→ **EXERCISE OBJECTIVE**
Reproduce each line of the following material exactly, omitting the images.

[INFORMATION PROVIDED — start]

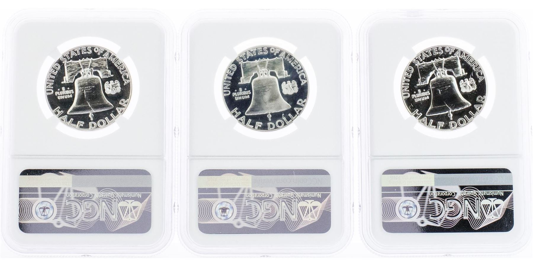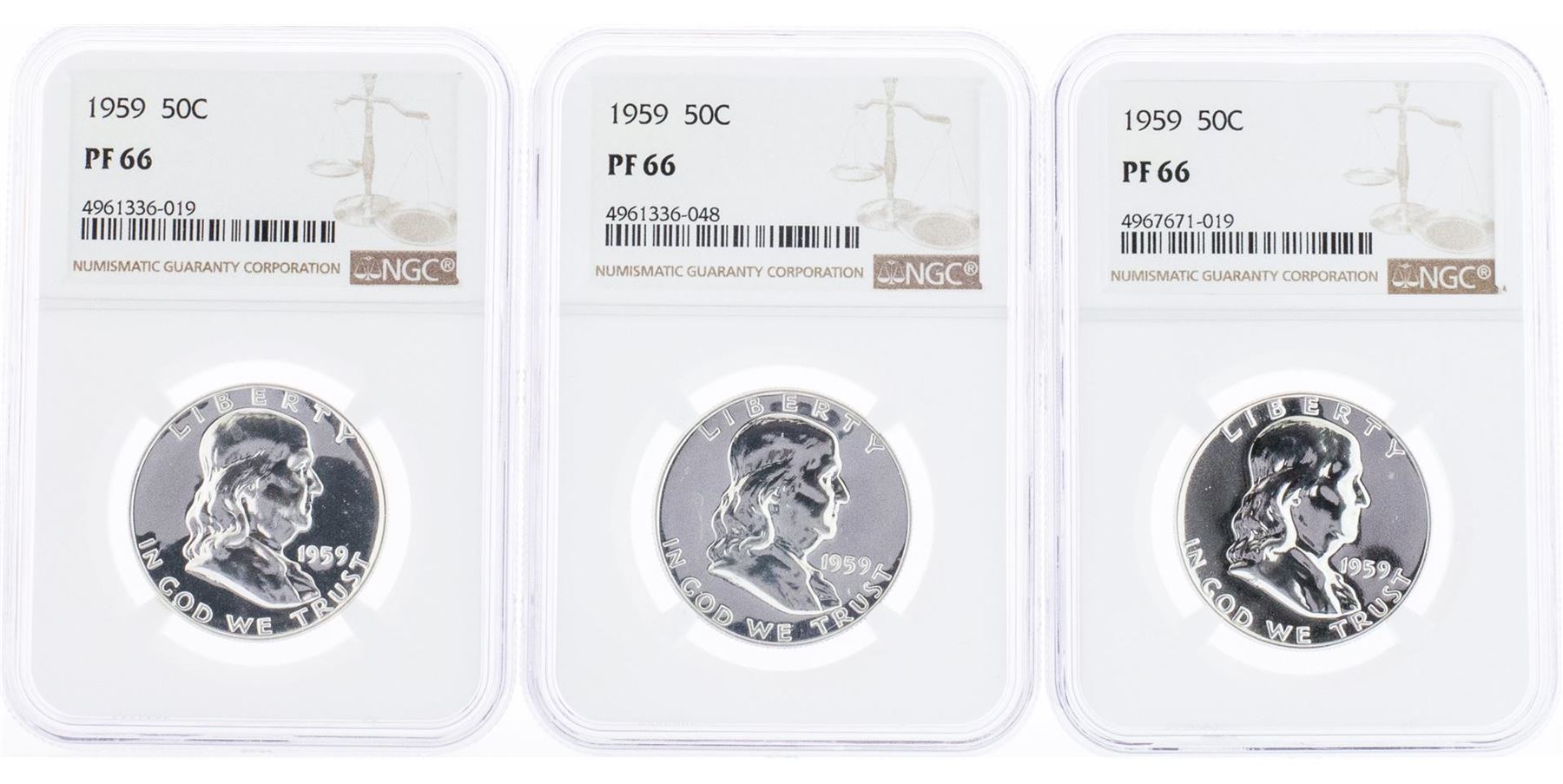 One Lot of (3) 1959 Proof Franklin Half Dollar Coins NGC PF66. NGC Certified.
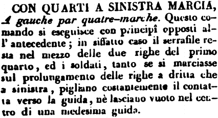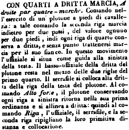 | Con quarti a dritta marcia - A droite par quatre - marche. Comando nell'esercito di un plotone a piedi di cavalleria: a tale comando la seconda riga marcia indietro per due passi, del valore ognuno per due piedi, indi ogni riga di quarto conserva a dritta, e senza punto trattenersi marcia per il suo fianco. In questo movimento l'uffiziale si situa come guida alla sinistra della testa. Il basso-uffiziale della dritta del plotone resta nel mezzo delle due righe del primo quarto. Il serrafile si colloca alla dritta della riga della testa del plotone. Al comando Alto forte, il plotone conservando ogni riga a sinistra ritorna nella sua prima ordinanza e si allinea a dritta: quindi al comando Riga, l'uffiziale, il serrafile, e la seconda riga ripigliano la loro primitiva distanza e collocazione. [immagine] |
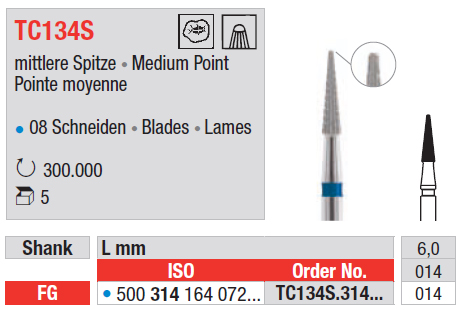 Finírovací vrták z karbidu volfrámu v tvare kónusu s bezpečnostným zakončením, stredný, červená TC134, žltá TC133F, biela TC134UF, modrá TC134S, veľkosť 014, mandrel FG.

[INFORMATION PROVIDED — finish]

→ **ANSWER SPACE**
 One Lot of (3) 1959 Proof Franklin Half Dollar Coins NGC PF66. NGC Certified.
 | Con quarti a dritta marcia - A droite par quatre - marche. Comando nell'esercito di un plotone a piedi di cavalleria: a tale comando la seconda riga marcia indietro per due passi, del valore ognuno per due piedi, indi ogni riga di quarto conserva a dritta, e senza punto trattenersi marcia per il suo fianco. In questo movimento l'uffiziale si situa come guida alla sinistra della testa. Il basso-uffiziale della dritta del plotone resta nel mezzo delle due righe del primo quarto. Il serrafile si colloca alla dritta della riga della testa del plotone. Al comando Alto forte, il plotone conservando ogni riga a sinistra ritorna nella sua prima ordinanza e si allinea a dritta: quindi al comando Riga, l'uffiziale, il serrafile, e la seconda riga ripigliano la loro primitiva distanza e collocazione. [immagine] |
 Finírovací vrták z karbidu volfrámu v tvare kónusu s bezpečnostným zakončením, stredný, červená TC134, žltá TC133F, biela TC134UF, modrá TC134S, veľkosť 014, mandrel FG.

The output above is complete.